On February 17, 2011, at 1530 eastern standard time, an amateur-built experimental Flaglor Kolb MK III airplane, N213, registered to and operated by a private owner, experienced a violent vibration in cruise flight at 1,500 feet above ground level, followed by a total loss of engine power. The pilot performed a forced landing to trees and the ground in the vicinity of Stetson, Maine. The personal flight was operating under the provisions of Title 14 Code of Federal Regulations Part 91, and no flight plan was filed. Visual meteorological conditions prevailed, and the airplane sustained structural damage to the right wing and forward fuselage. The sport pilot reported minor injuries. The flight originated from Old Town, Maine, at 1330, and was en-route to Dexter, Maine. Use your browsers 'back' function to return to synopsisReturn to Query Page
The pilot stated that about 30 flight hours before the accident, the airplane experienced a severe vibration in flight. He shut the engine down and made a successful forced landing to a nearby airport. Examination of the airplane revealed a triangle shaped aluminum plate on the rear of the propeller hub had cracked. The front and rear propeller hubs were replaced by Warp propellers. He installed the propeller hub and same propeller blades on July 10, 2010, and began flying again without any vibrations. The total hours on the propeller blades are unknown.
Examination of the crash site revealed the airplane impacted trees and came to rest upright in 3 to 4 feet of snow, on a heading of 360 degrees magnetic. The forward nose section of the cabin area was bent upward and to the right. The forward windscreen, instrument panel, and cabin roof were partially separated. The cabin seats remained intact and the pilot's seat belts and shoulder harness were in use at the time of the accident. The fuel tank was not ruptured and was more than half full. Continuity of the flight control system was confirmed from the cabin area aft to all flight control surfaces. The right main landing gear remained attached to the fuselage and was bent rearward.
The right wing remained attached to the wing root.

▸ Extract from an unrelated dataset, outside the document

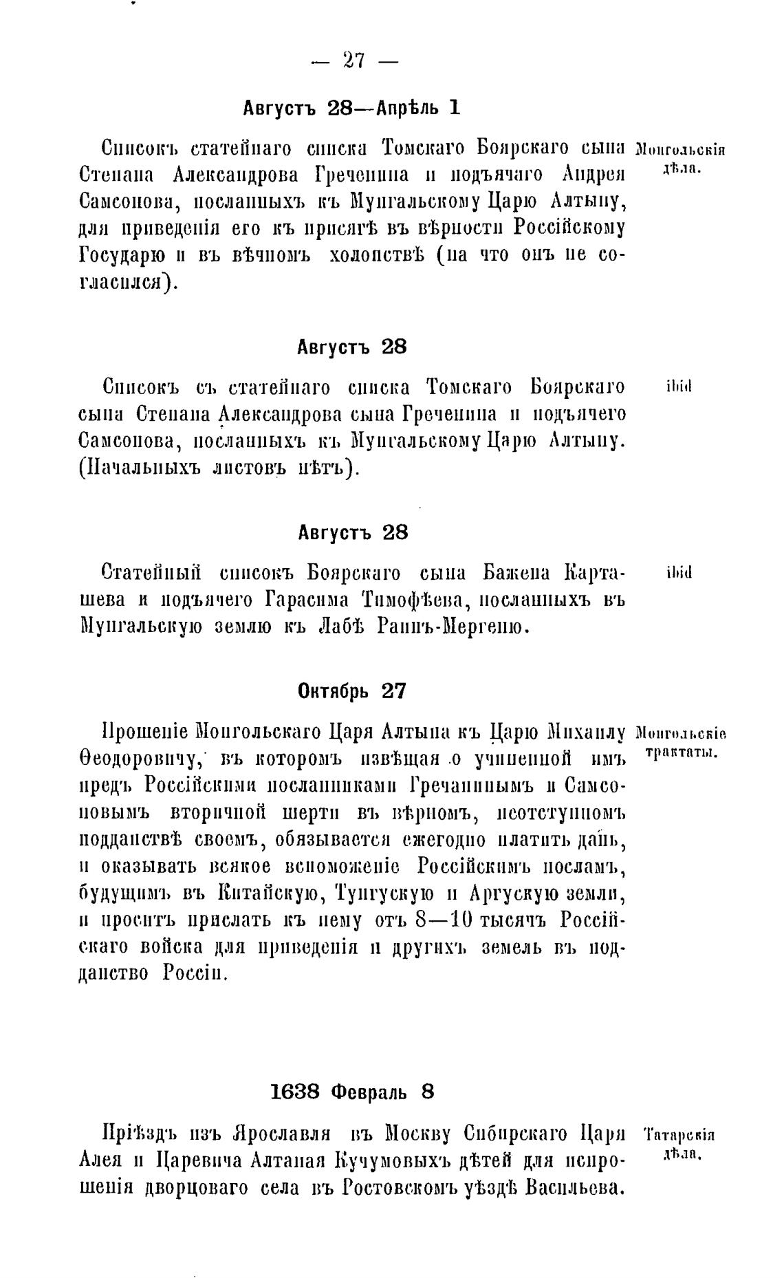 Самсонова, нослтшы,хъ кь Мунгальскому Царю Алтыну,

The leading edge of the right wing was damaged, extending about 2 feet outboard of the wing root. The remainder of the leading edge sustained minor damage. The wing strut remained attached to the wing and the fuselage. The right flap and aileron remained attached at all attachment points.

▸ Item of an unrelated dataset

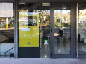 La nova pantalla multimèdia situada a l’entrada de Cal Bach, i visible a l’exterior, ofereix immediatesa informativa i de forma més sostenible, ja que gradualment s’aniran eliminant els cartells impresos a les dependències municipals per ser projectats en la pantalla.
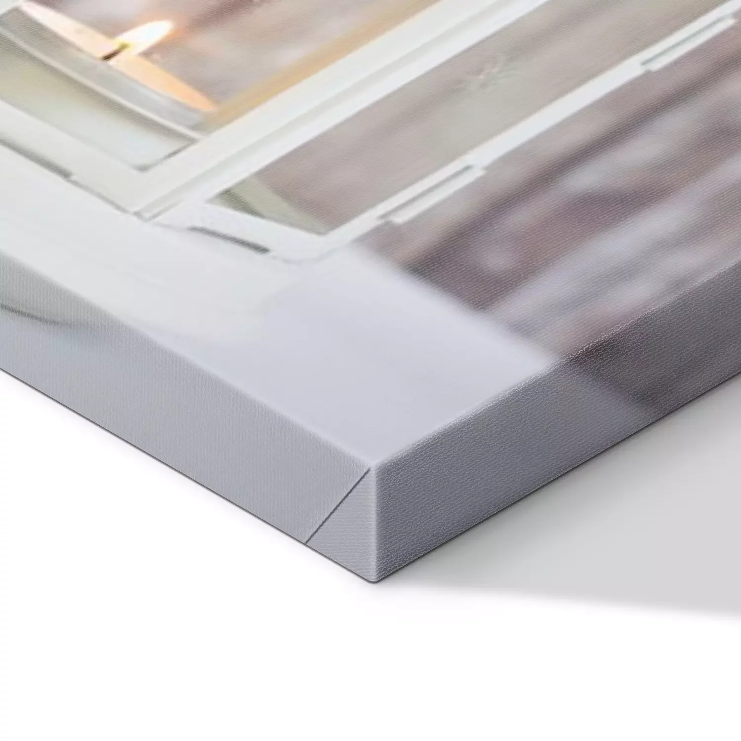 De print wordt aangebracht op hoogwaardig canvas dat op een schildersweefgetouw (spieraam) wordt gespannen. Omdat de print de zijranden bedekt, hoeft het ontwerp niet met een extra kader te worden omlijst. Wij raden ook composities aan die uit meerdere foto's bestaan en zo een coherente compositie vormen.

The left wing remained attached to the wing root and was not damaged. The wing strut remained attached to the wing and the fuselage. The right flap and aileron remained attached at all attachment points.
The tail boom was bent upward. The vertical fin, rudder assembly, horizontal stabilizers and both elevators were not damaged.
The engine assembly remained attached to the engine mounts aft of the cabin area. Both carburetors had separated from the engine assembly and were hanging by their fuel lines and throttle cables. One composite propeller blade was de laminated and the remaining two propeller blades were not damaged. Examination of the remaining engine assembly and accessories revealed no anomalies.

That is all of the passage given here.